1. Technical Field
This disclosure relates in general to multi-phase voltage regulators and in particular to optimized management techniques of the phase regulators in order to reduce power consumption, enhancing the energetic efficiency of the multi-phase power supply system.
2. Description of the Related Art
Multi-phase voltage regulators are widely employed for powering servers, CPUs, notebooks and workstations. Lately efforts have been made for optimizing efficiency of this class of regulators by dynamically intervening on the number of active phases depending on the level of current absorbed by the load. In fact, by tracing the efficiency graph in function of the load current and of the number of phases, it may be observed that at low loads an improved efficiency is achieved by decreasing the number of active phases. A technique called phase-shedding is used for switching off a certain number of phases when the electrical load decreases, in order to achieve an optimal efficiency curve.
A well known technical problem of phase-shedding is the latency (delay) in reactivating switched off phases in presence of a load transient.

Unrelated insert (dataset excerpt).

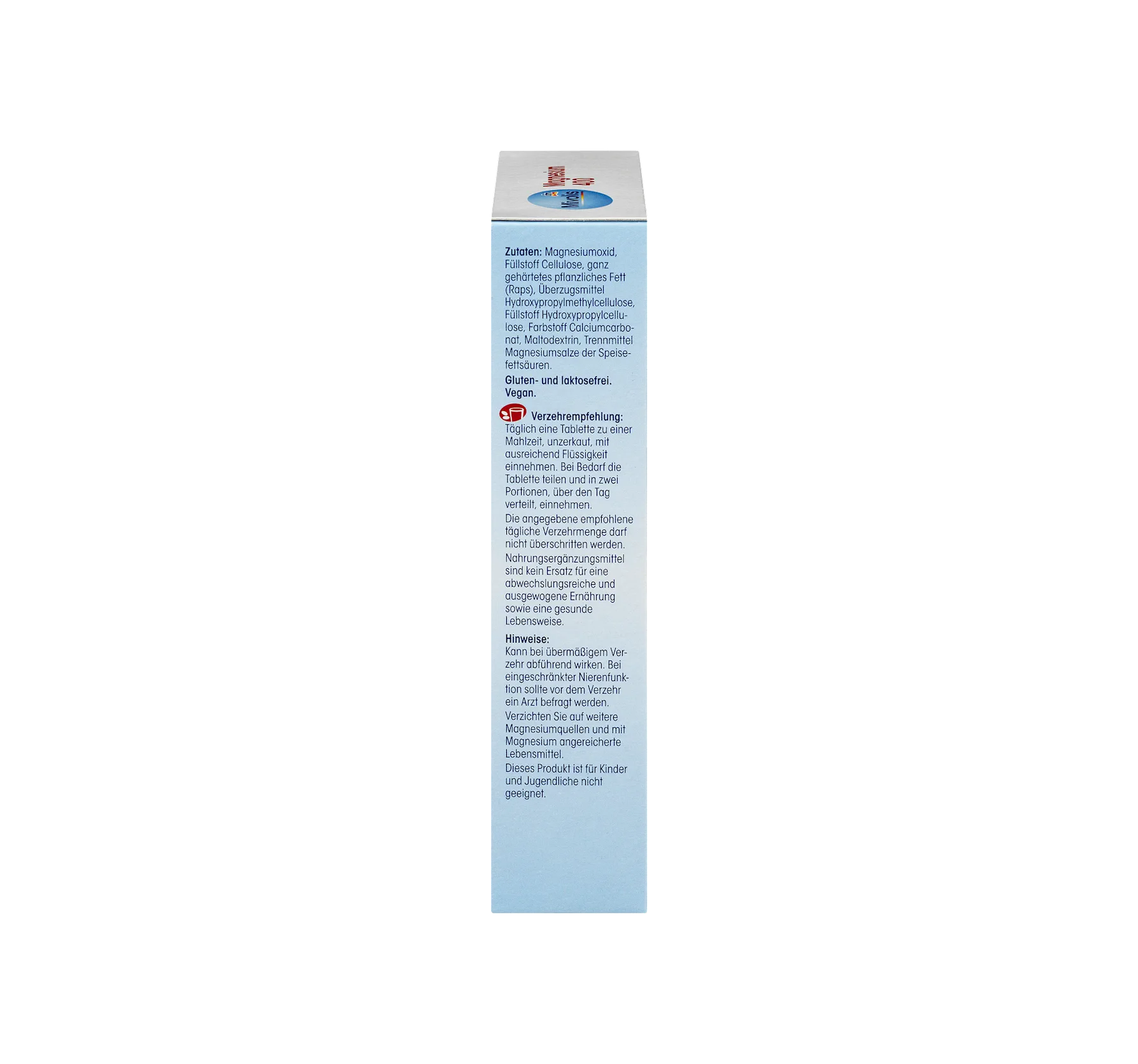 L'apport journalier recommandé ne doit pas être dépassé. Les compléments alimentaires ne se substituent pas à une alimentation variée et équilibrée et à un mode de vie sain. Une consommation excessive peut avoir un effet laxatif. En cas d'insuffisance rénale, consultez un médecin avant toute consommation. Évitez les autres sources de magnésium et les aliments enrichis en magnésium. Ce produit ne convient pas aux enfants et aux adolescents. Prendre un comprimé par jour au cours d'un repas, non croqué, avec suffisamment de liquide. Si nécessaire, diviser le comprimé en deux prises réparties sur la journée.

To optimize the response of the multi-phase system, it is important that during a load increase transient a number of phases in excess of what would be necessary for coping with the new regime of augmented absorption be reactivated, among those available. In order to understand better the problem, it may be useful to make an example.
Referring to FIG. 1, let us suppose that a four phase system (1PH, 2PH, 3PH, 4PH,) is functioning with only one phase in order to improve efficiency given than the output current remains very low. If a high load transient (e.g. 100 A) occurs, it would be ideal to be able to immediately use all the four phases available for responding to the load transient in a decisive manner for minimizing a “hole” (sagging) of the output voltage, rather than having to wait that the switch-on threshold of the second phase be surpassed, as depicted in FIG. 2, and then again that of the third phase and so forth.
If this adaptive process would not occur and the system responded with a single phase for almost the whole transient, the output voltage would undergo an abrupt drop because a single phase could not sustain a large transient. In practice, the system would have to wait that the current delivered by the active first phase reaches the triggering threshold in order to switch on the second phase. When the current of the first phase summed to that delivered by the second phase reaches the triggering threshold level of the third phase, then also the third phase will be able to turn on and so forth. It is evident that the time for reaching a point at which all four phases are active becomes relatively long and in order to limit the drop of the output voltage to acceptable levels, large storing capacitors are used, thus increasing costs of the application.
The major part of commercially available multi-phase voltage regulators, use nonlinear response methods to load transients. Basically, a load transient is detected by setting a threshold on the output voltage or monitoring its derivative (re: the so called Load Transient Boost (LTB) technique, disclosed in US 2007/0236205-A1). When a load increase transient is detected, all available phases are switched on.
These methods respond violently (by turning on all the phases) and therefore it may happen that a transient of modest magnitude or relatively gradual be not detected or that a transient just surpassing the triggering threshold cause the switching on of all the phases (which in server applications may be up to six or even eight) when the switching on of just a reduced number of available phases would be sufficient.
Variable frequency control methods of voltage regulators, for example a constant-on-time VCOT system as that disclosed in U.S. Patent Application Publication No. 2013/0057240, by the same applicant, respond to load transients in a linear manner, by increasing the switching frequency in function of the increased current absorbed by the load.